In this section, we evaluate the performance of the proposed EEBDA. First, the proposed mechanism was experimented with and simulated using the MATLAB simulation tool [40]. Second, all experiments were executed on a single machine running Windows 10 with an Intel Core i7-7700 CPU @ 3.60 GHz.

4.1. Experiment Setting

We compared EEBDA with LEACH, LEACH-C, and DEEC algorithms for performance analysis. Therefore, all four protocols are simulated for comparative analysis, where nodes are randomly deployed 100, 200, and 500 nodes in a WSN environment. All nodes possess the same initial energy. The parameter settings used in the simulations are listed in Table 2.
We evaluated the energy consumption of WSNs as it is a major limitation. These simulation experiments aimed to evaluate the effectiveness and efficiency of the protocols. Furthermore, several metrics were used to compare them, such as the average residual energy of the network, the number of nodes alive, and the variance of the residual energy. Finally, we performed experiments on three metrics to compare the EEBDA with the other protocols.

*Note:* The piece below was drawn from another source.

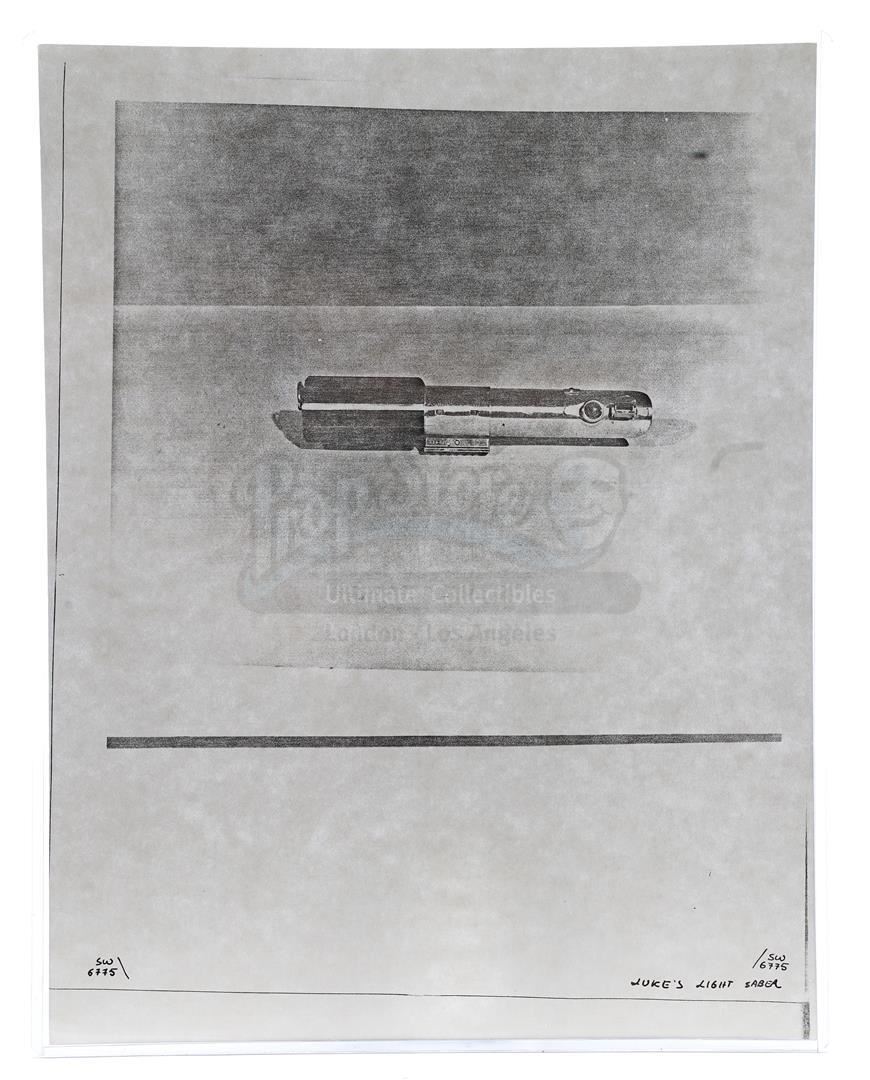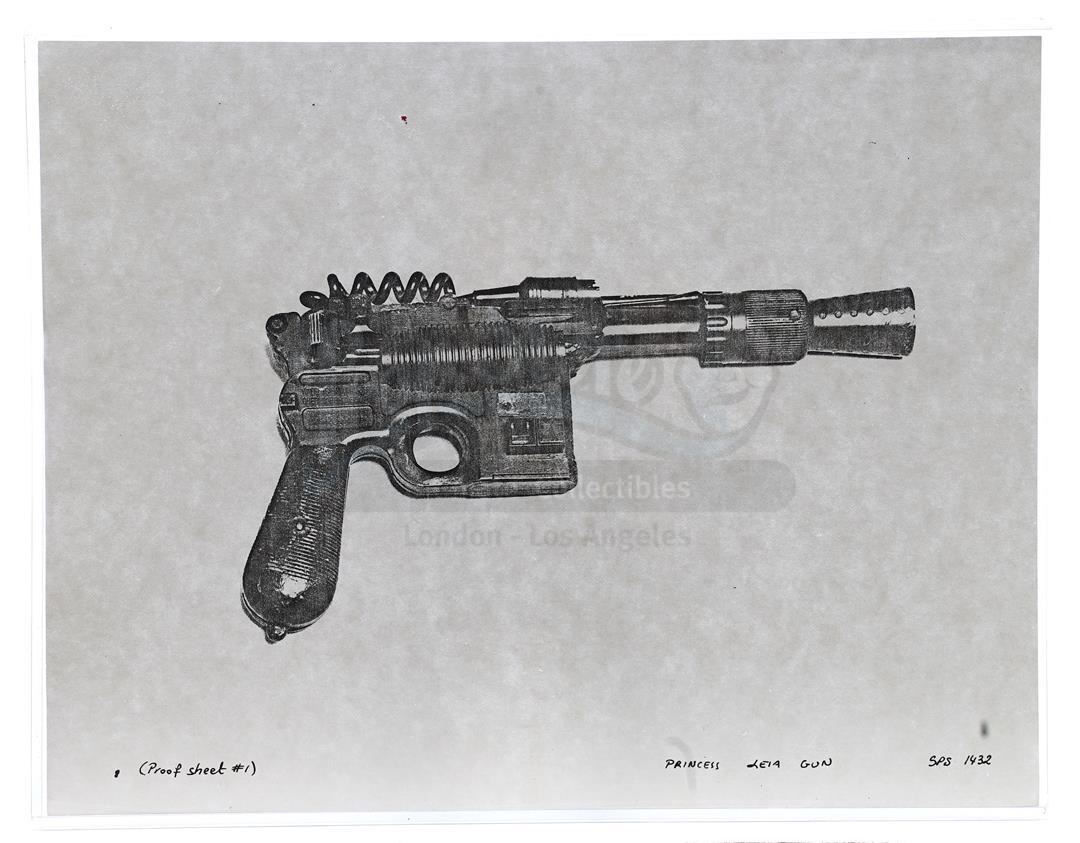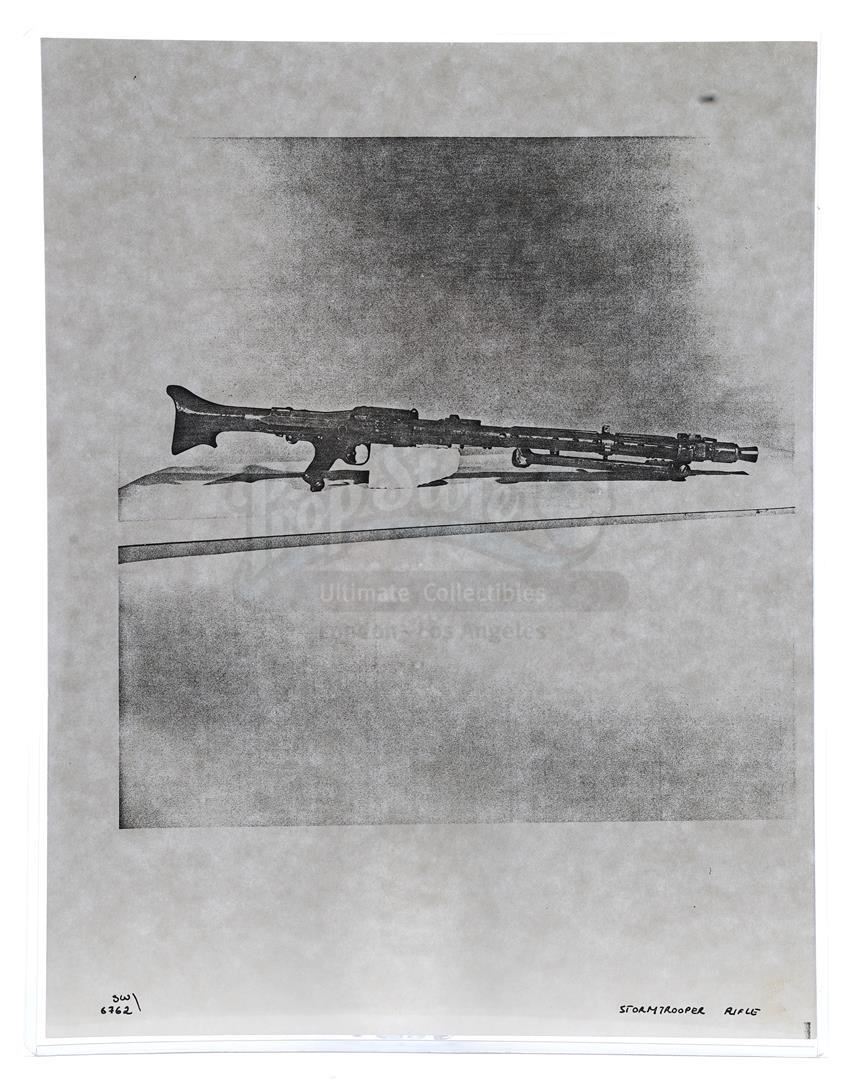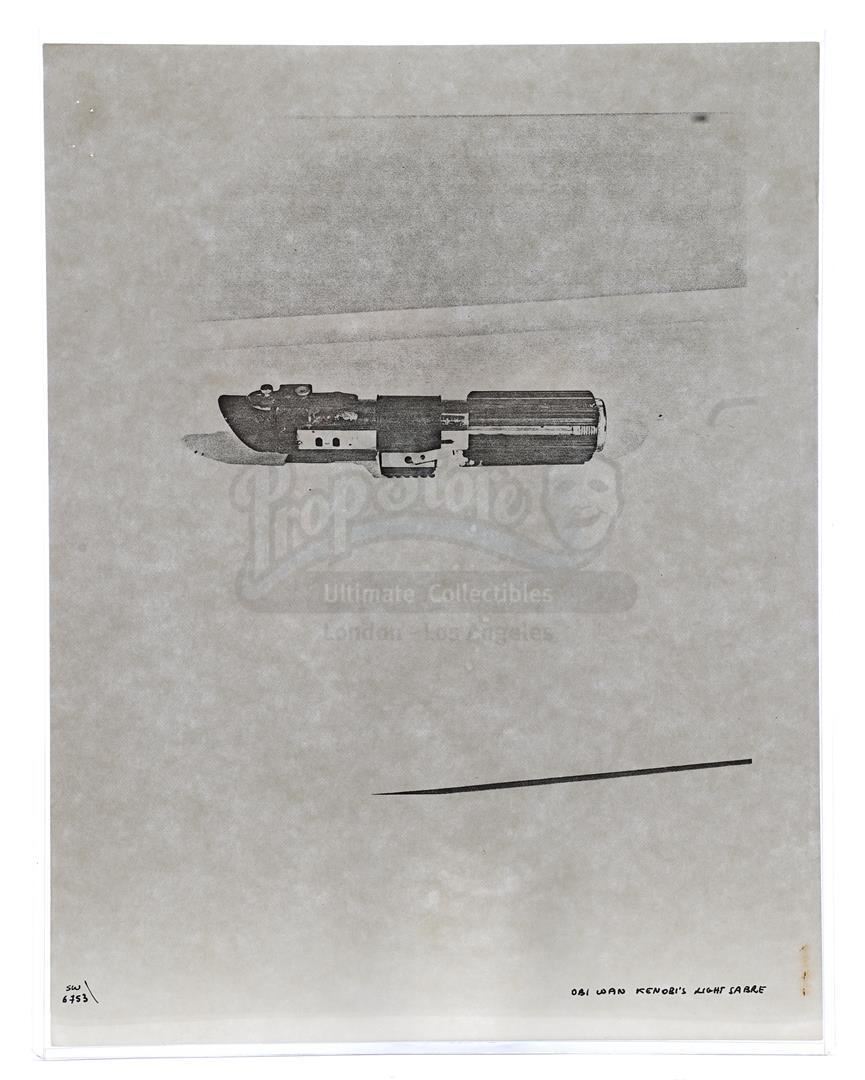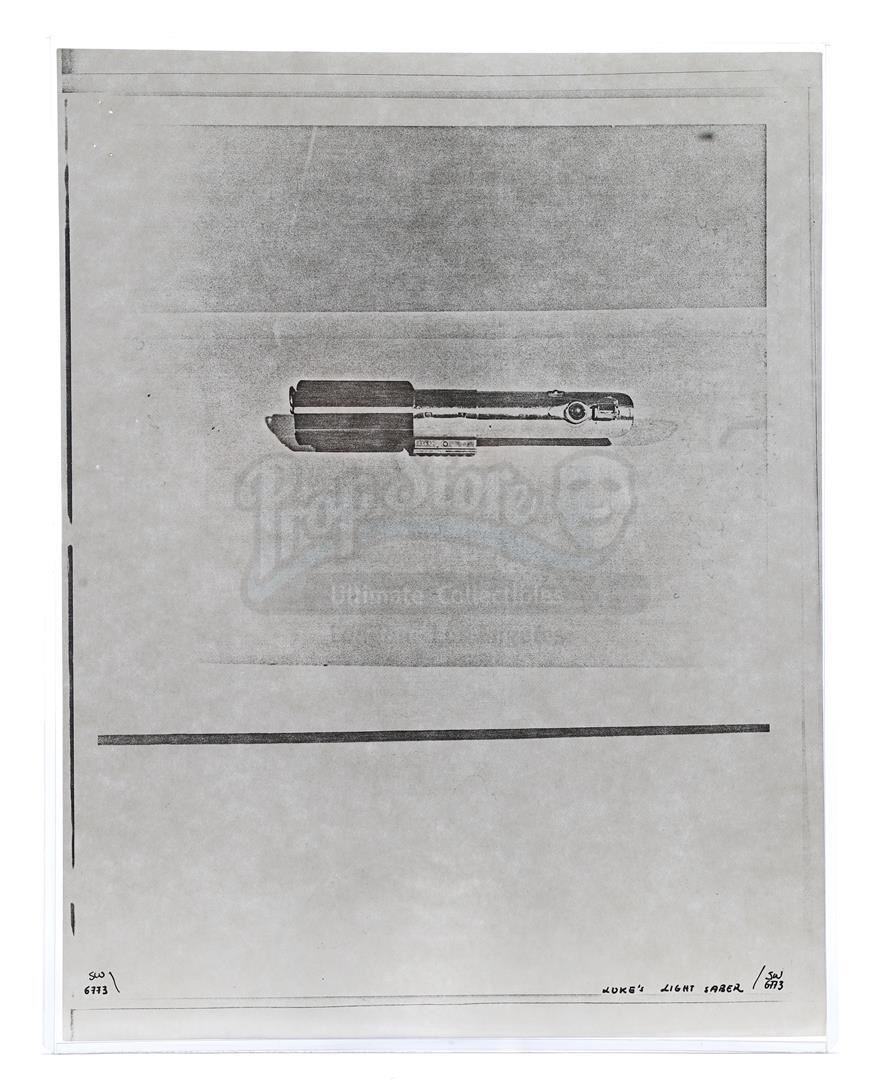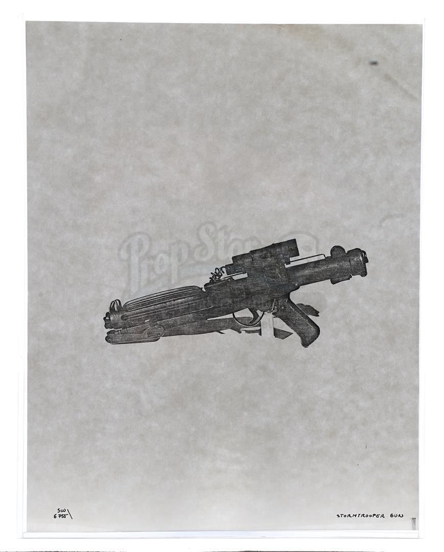 This lot will be auctioned on Thursday, July 1st. The auction will begin at 9:00am PDT and lots are sold sequentially via live auctioneer; tune in to the live streaming broadcast on auction day to follow the pace. Note other lots in the auction may close on June 29th or June 30th. Weapons research images from George Lucas's Star Wars: A New Hope. This set of 62 black-and-white photostats of original photographs was created by Industrial Light & Magic (ILM) art director James L. Schoppe to document the original weapon designs seen in the film. Among the weapons featured are Han Solo's (Harrison Ford) blaster, Princess Leia's (Carrie Fisher) blaster and belt, Chewbacca's (Peter Mayhew) bowcaster, Stormtrooper blaster rifles, and Obi-Wan Kenobi (Alec Guinness) and Darth Vader's (James Earl Jones) lightsabers. The archive exhibits creasing, slight tears, and storage wear, but remains in good overall condition. Dimensions (each): 8" x 11.5" (3.14 cm x 4.5 cm) Estimate: $800 - 1,200

4.2. The Energy Consumption Performance

A comparison of the network average residual energy concerning time (in rounds) is shown in Figure 10. In the parameter setting for initial energy, 0.5 J energy is assigned to each node, where the total energy of the network is 50, 100, and 250 J for 100, 200, and 500 nodes, respectively. The simulation parameters of the network are presented in Table 2. The 100, 200, and 500 sensor nodes were randomly deployed in regions of size 100 m2 and 200 m2, respectively.
As illustrated in Figure 10, the residual energy of the sensor nodes is compared after multiple simulations run over LEACH, LEACH-C, DEEC, and EEBDA in WSNs. The total residual energy of the network considers the residual energy of all the nodes in each round. This metric is reported in Figure 10, which shows that the proposed scheme (EEBDA) saves more energy than the other protocols. In Figure 10, the maximum number of rounds is 5000; as shown in the figure, the average residual energy in the WSN varies with the number of rounds. For example, when the number of rounds is approximately 2250, the average residual energy of the other three algorithms is approximately zero. We considered the distance between the sender and receiver, the cluster size, and the spatial correlation among sensor nodes. Therefore, the EEBDA scheme has a lower energy consumption than the other algorithms, and the proposed scheme can prolong the lifetime of a WSN. It is clearly shown in the Figure that the energy dissipation of the proposed protocol is less than that of all the other schemes.
To evaluate the proposed EEBDA algorithm more accurately, we compared it again with LEACH, LEACH-C, and DEEC from surviving sensor nodes. In Figure 11, the results show the number of surviving sensor nodes after 5000 rounds; the sensing area is 100 m2 and 200 m2, and the number of network nodes is 100, 200, and 500 for LEACH, LEACH-C, DEEC, and EEBDA.
The surviving sensor nodes of the WSN consider the alive nodes in each round. This simulation result is reported in Figure 11, which shows more alive nodes in our proposed method (EEBDA) than in the other protocols. In Figure 11, 100, 200, and 500 nodes deployed randomly are reported to be almost zero at about round 2000 on LEACH, LEACH-C, and DEEC. Thus, in our proposed method, the network lifetime is significantly better than the other algorithms in all cases. As expected, our scheme determines the network configuration that consumes the lowest energy in every round. Therefore, the surviving nodes of the network are higher than those obtained with LEACH, LEACH-C, and DEEC. From the Figure, we can conclude that EEBDA realizes the lowest energy consumption and prolongs the lifetime of the network.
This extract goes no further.